Chuck Bednar for redOrbit.com – Your Universe Online
While it may not have an out-of-this-world taste, the toothpaste that helps keep our molars and bicuspids healthy does contain an element that was likely originally formed billions of years in long-dead stars similar to our sun, according to a new study.
As researchers from Sweden’s Lund University and colleagues from the US and Ireland reported in a recent edition of The Astrophysical Journal, the element fluorine (which, through gaining an electron, becomes fluoride) is found in products such as toothpaste and chewing gum, but its origins have long been somewhat of a mystery.
There have been three preeminent theories about how the chemical element was created, and the findings of the new study support the one which claims that it was formed in giant red stars at the end of their life cycles. Our sun and planets were made from materials from these dead stars, and likewise, the fluorine in our toothpaste might have been created from the sun’s ancestors.
According to Mashable, astronomers are able to determine a star’s chemical makeup by examining the light it emits through a process known as spectroscopy. Different elements absorb wavelengths of light and appear as unique markers on a spectrum. The authors of the new study used a telescope in Hawaii and a new instrument capable of analyzing infrared in order to spot the fluorine-producing stars, the website added.
Nils Ryde, an astronomy lecturer from Lund University, doctoral student Henrik Jönsson and scientists from Trinity College, the University of California, Davis and the National Optical Astronomy Observatory in Arizona analyzed stars formed at different points in the history of the universe to see if their fluorine content correlated with predictions of their theory.
“Different chemical elements are formed at high pressure and temperature inside a star,” Lund University said in a statement. “Fluorine is formed towards the end of the star’s life, when it has expanded to become what is known as a red giant. The fluorine then moves to the outer parts of the star. After that, the star casts off the outer parts and forms a planetary nebula.”

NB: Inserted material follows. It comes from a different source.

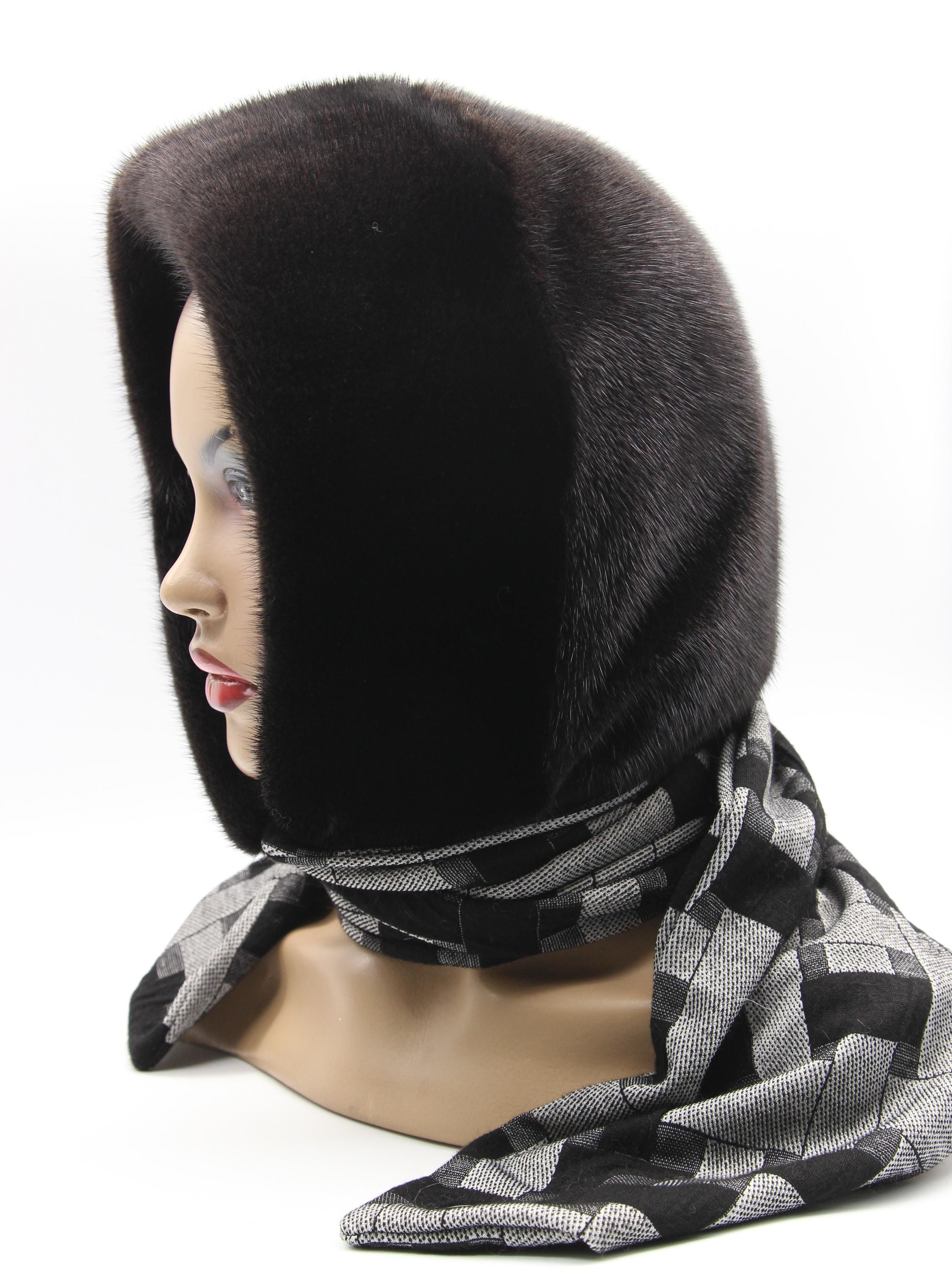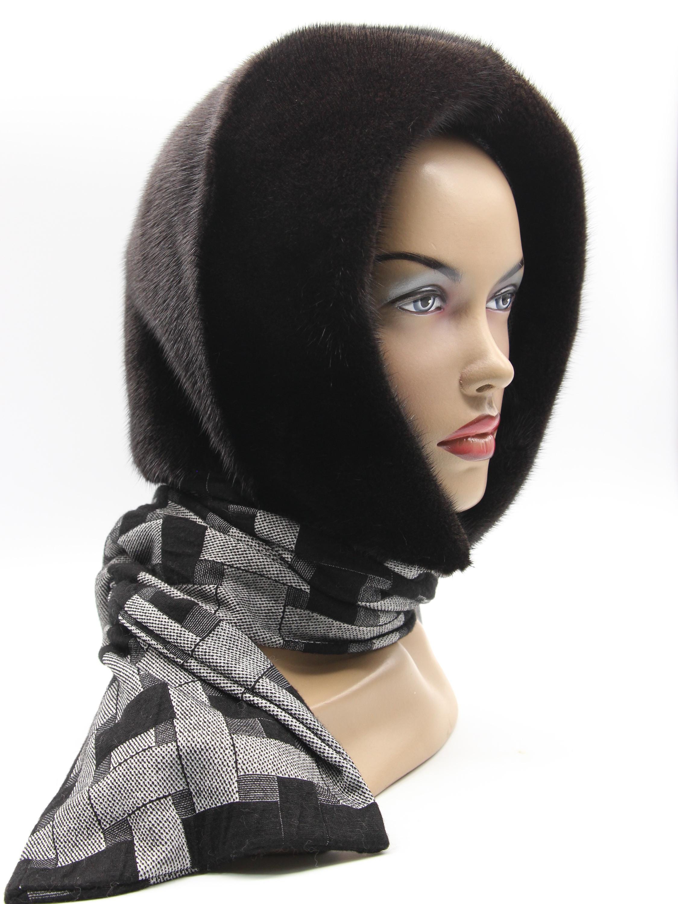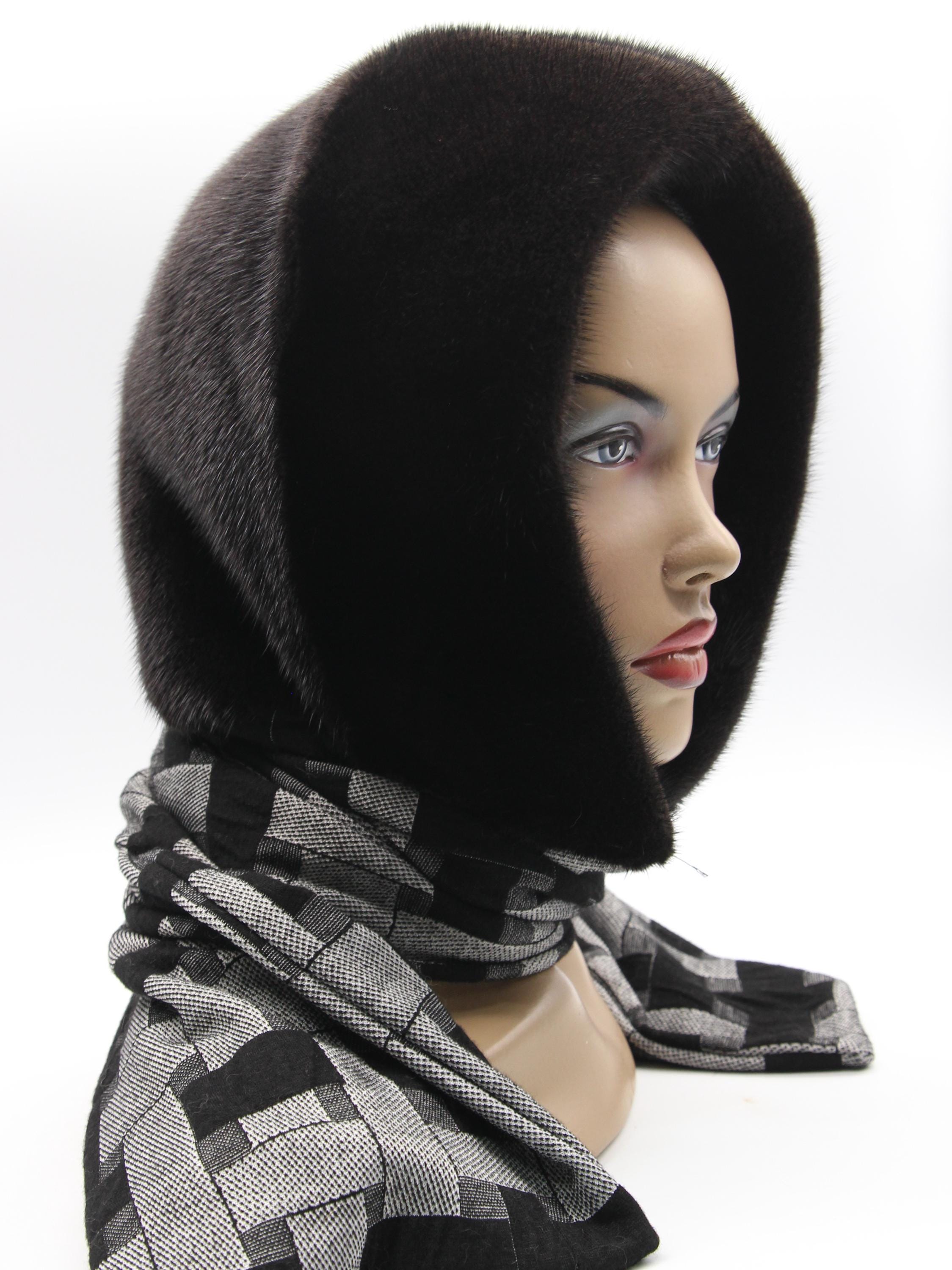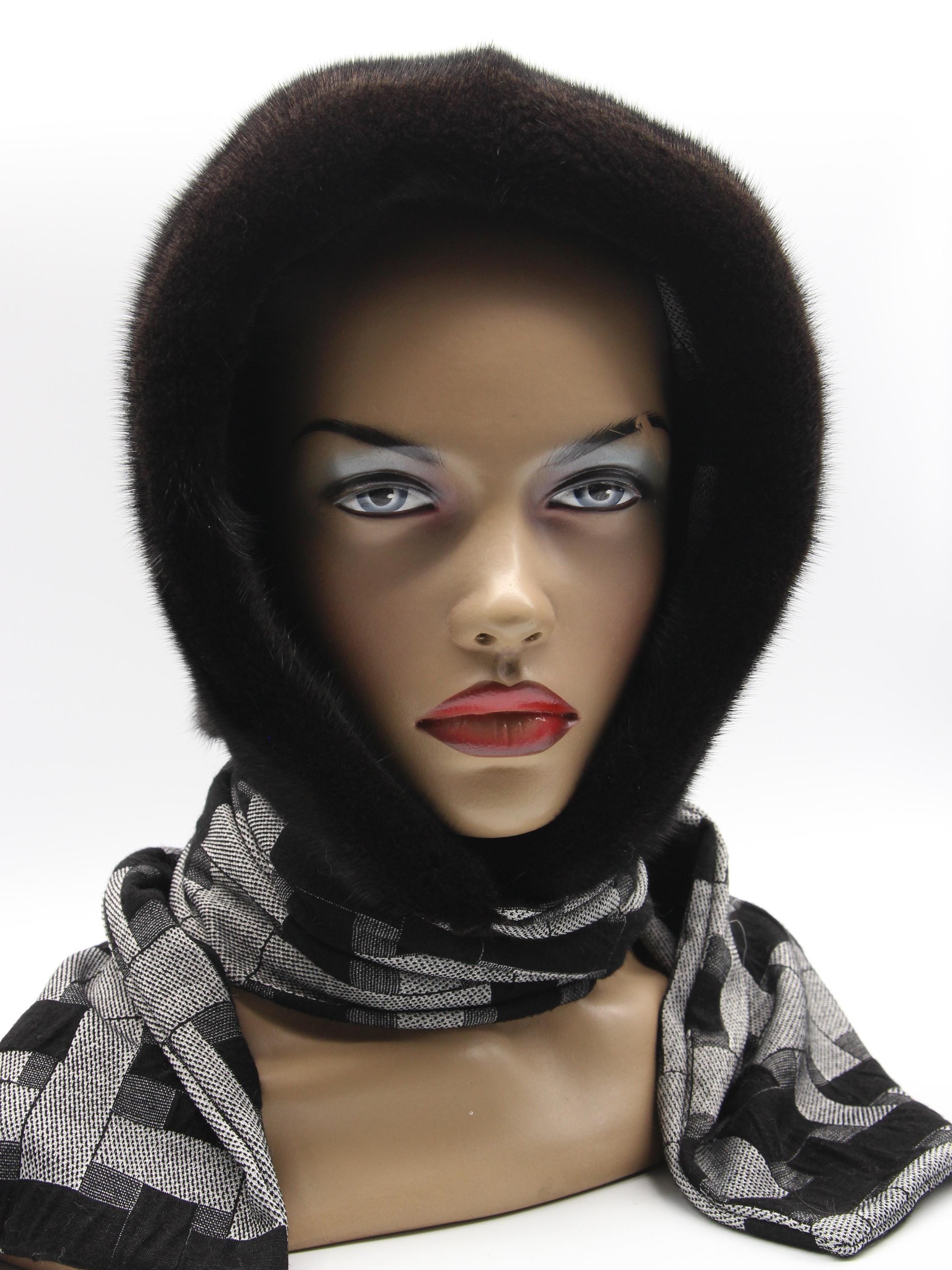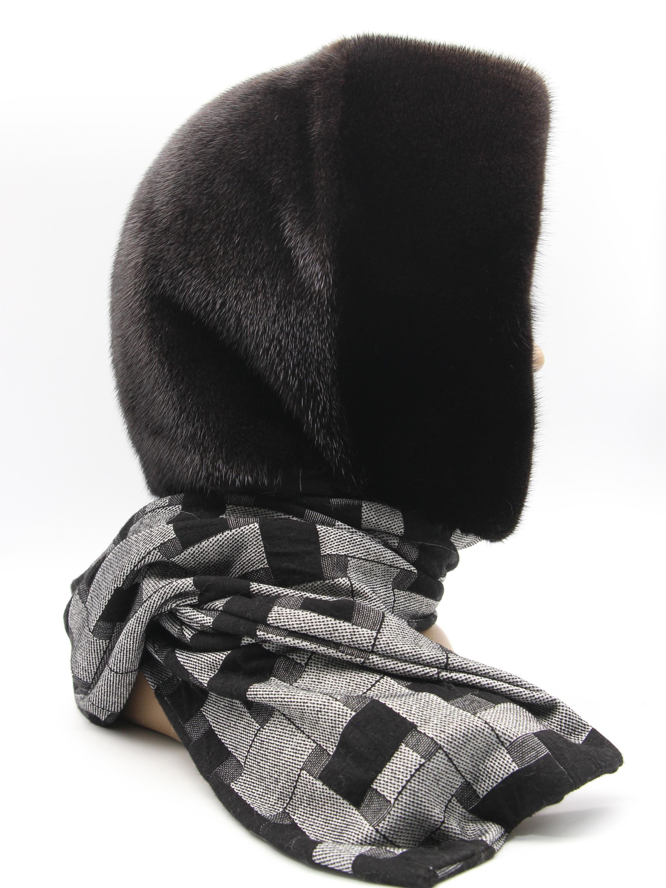 Dark Brown Mink Fur Hat Women Hooded Scarf: Sophistication Through Subtle Pattern

Fluorine that is ejected as a part of this process mixes with other gases surrounding the stars in what is known as the interstellar medium, the university added. New planets and stars are then formed in the interstellar medium, and when those new stars die, it is once again enriched.
While other astronomers believe that the chemical element might originate from stellar winds or supernova explosions, Ryde’s team indicates that it is red giants that are the primary suppliers of the substance. However, the researchers plan to study other types of stars to see if fluorine might have been produced prior to the formation of red giants, during the earliest stages of the universe.
They also plan to use the same technique to study other types of environments, including those the close to the supermassive black hole located at the center of the Milky Way. There, the cycle of old stars dying and new ones forming happens far more quickly than it does around the sun, they explained, and by monitoring the fluorine levels in the stars there, Ryde said that they can determine whether or not the processes that form it are different in any way.